Suriye'de Türkiye'nin elinde kalan saatli bomba

2011 yılında patlak veren Suriye iç savaşı, büyük güçlerin ve Türkiye'nin de dahil olmasıyla uzadıkça uzadı ve dokuzuncu yılına girmek üzere.

Suriye'de Türkiye'nin elinde kalan saatli bomba

2011 yılında patlak veren Suriye iç savaşı, büyük güçlerin ve Türkiye'nin de dahil olmasıyla uzadıkça uzadı ve dokuzuncu yılına girmek üzere.

Tam savaşın sona erdiğine dair bir parça umut yeşerirken, ABD'nin, Rusya'nın ya da Türkiye'nin bir hamlesiyle taşlar yeniden yerinden oynuyor ve savaşın sönmeye yüz tutan ateşi yeniden kıvılcımlar saçıyor etrafa.

Peki dokuz yıla yaklaşan bu savaşta Türkiye ne kazandı ne kaybetti?

Gazeteci Hediye Levent'e göre, sekiz yılın sonunda Türkiye'nin elinde beş milyona yakın mülteci, 'Milli Ordu' olarak nitelendirilen ancak cihatçı artıkları ile dolu, bir nevi saatli bomba olan ve Türkiye'nin Suriye'ye yönelik operasyonlarından 'koçbaşı' gibi kullandığı, savaş suçu işlemekle itham edilen Özgür Suriye Ordusu (ÖSO) ile, uluslararası arenada büyük bir yalnızlaşma kaldı.

Türkiye ile Rusya arasında, 22 Ekim'de Soçi'de varılan 'Kuzey Suriye anlaşması'nı değerlendiren Levent, bundan sonraki süreçte, Türkiye'nin Suriye'nin toprak bütünlüğü ile ilgili daha dikkatli ve hassas olmaya zorlanabileceğini belirtti.

Türkiye'nin Suriye toprakları olan Afrin ve Azez'deki varlığının, 'Suriye'nin toprak bütünlüğünü tanıyoruz' yaklaşımını boşa düşürdüğüne değinen Levent, "Türkiye niye Suriye Milli Ordusu’nu destekliyor? Suriye’de rejim değiştirmeyi mi hedefliyor? Türkiye’nin Suriye’deki manevra alanı artık daralmıştır. Özellikle son dönemlerde ABD ve Rusya’yı birbirlerine karşı koz olarak kullanarak, varlığını bugüne kadar getirdi. Ama artık hat çevirecek alan kalmadı. Türkiye, Şam ile görüşmek zorundaydı. Soçi’de yapılan anlaşma çerçevesinde bu süreç başladı. Başlamasaydı sahadaki gelişmeler belki çok daha ağır şartlarda Şam’la görüşmeye mecbur edebilirdi" yorumunu yaptı.
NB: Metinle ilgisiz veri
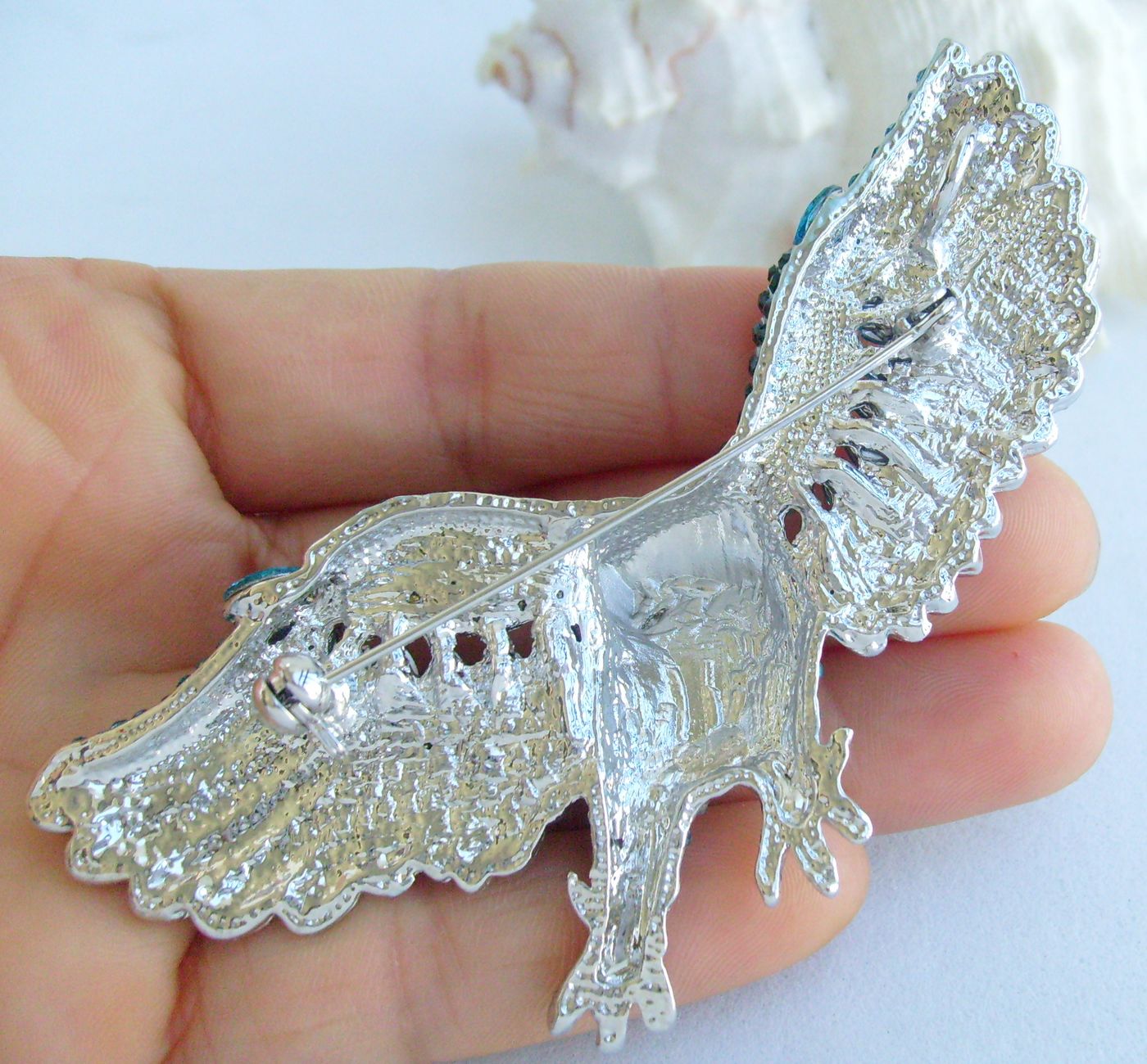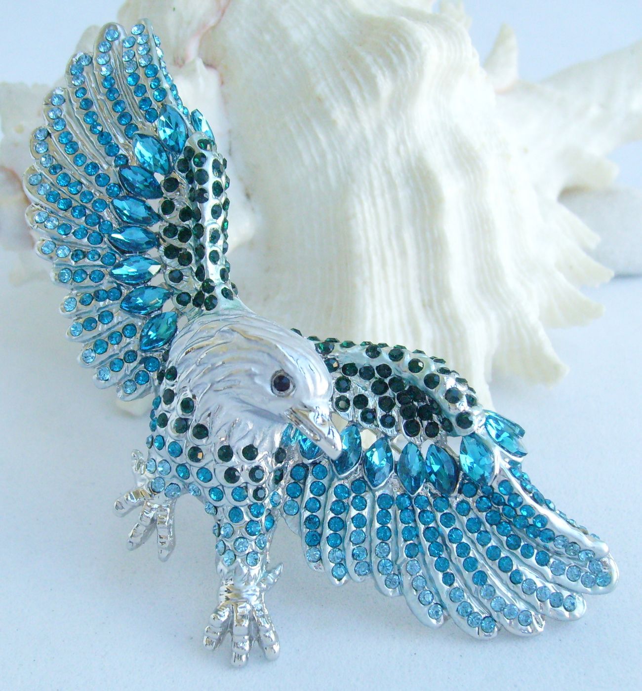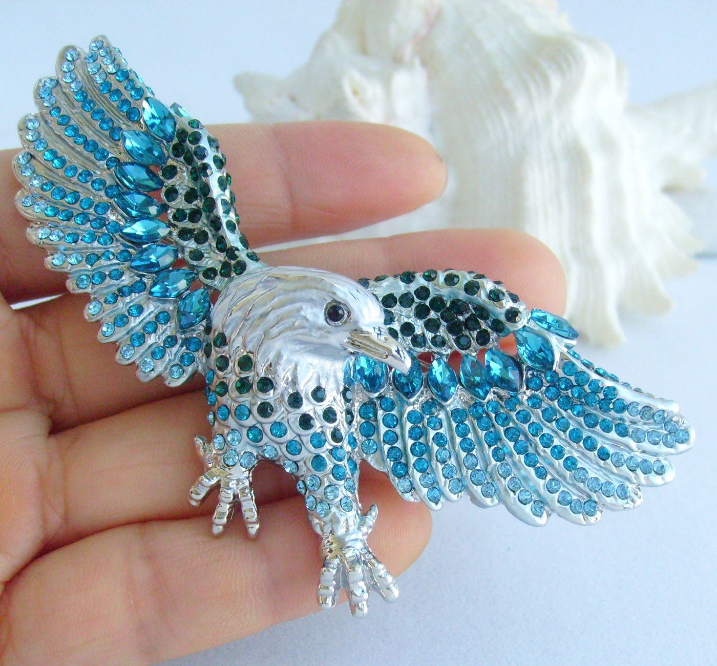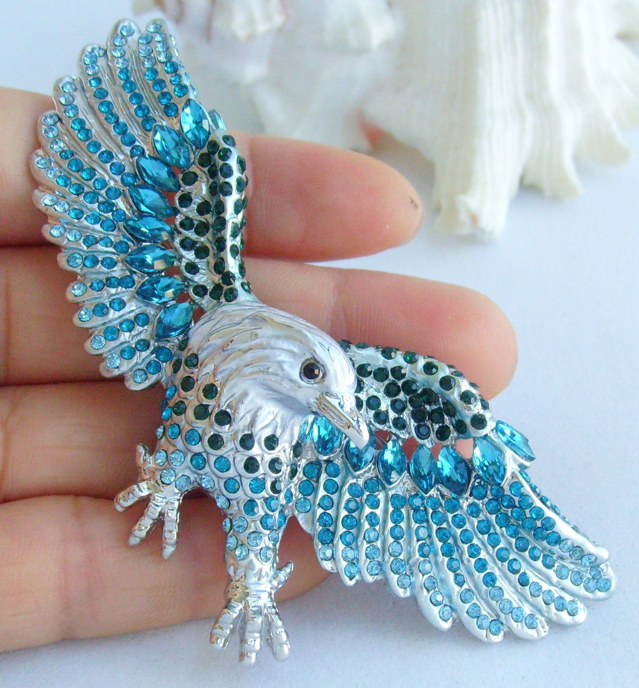 Sindary Unique Animal Bird Eagle Brooch Pin Rhinestone Crystal Pendant BP04717 (Silver-Tone Turquoise Green) 30g

ÖSO'nun 30 bileşeninden 17'sinin Rusya tarafından terörist sayıldığına işaret eden Levent, "Diğer taraftan Türkiye’nin terörist saydığı YPG’yi Rusya ve Şam rejimi terörist saymıyor. Yani kimin terörist olup kimin terörist olmadığı gibi bir durumu var. Bu durum önümüzdeki günlerde sahadaki siyasi pazarlıkla devam edecek" ifadelerini kullandı.

Levent, Türkiye açısından Suriye'deki iç savaştan geriye kalanlarla ilgili de şu yorumu yaptı:

"Türkiye’nin elinde binlerce mensubu olan bir ‘Milli Ordu’ ve 5 milyona yakın mülteci kaldı. Korkunç bir şekilde yalnızlaşan bir Türkiye var. Artık günümüzde Trump’ın bir Tweet ile bir gecede bilmem kaç milyon dolar borcumuzun arttığı kırılgan bir ekonomisi olan bir ülke kaldı. Suriye sahasına dönecek olursak bu süreç, ‘Rejim değiştirmek birkaç hafta sürer. Ondan sonra her şey yoluna girecek’ şeklinde başladı.

Ancak en nihayetinde Türkiye Suriye’de atacağı adımlar konusunda Rusya’ya bağımlı hale geldi. İşin daha da trajiği Türkiye 900 kilometre sınırı olan Suriye ile artık Rusya’nın çerçevesini, içeriğini belirlediği bir formatta ilişkilerini başlatacak. Bunlar göz önüne alınınca bir kazanım elde etti demek doğru olmaz."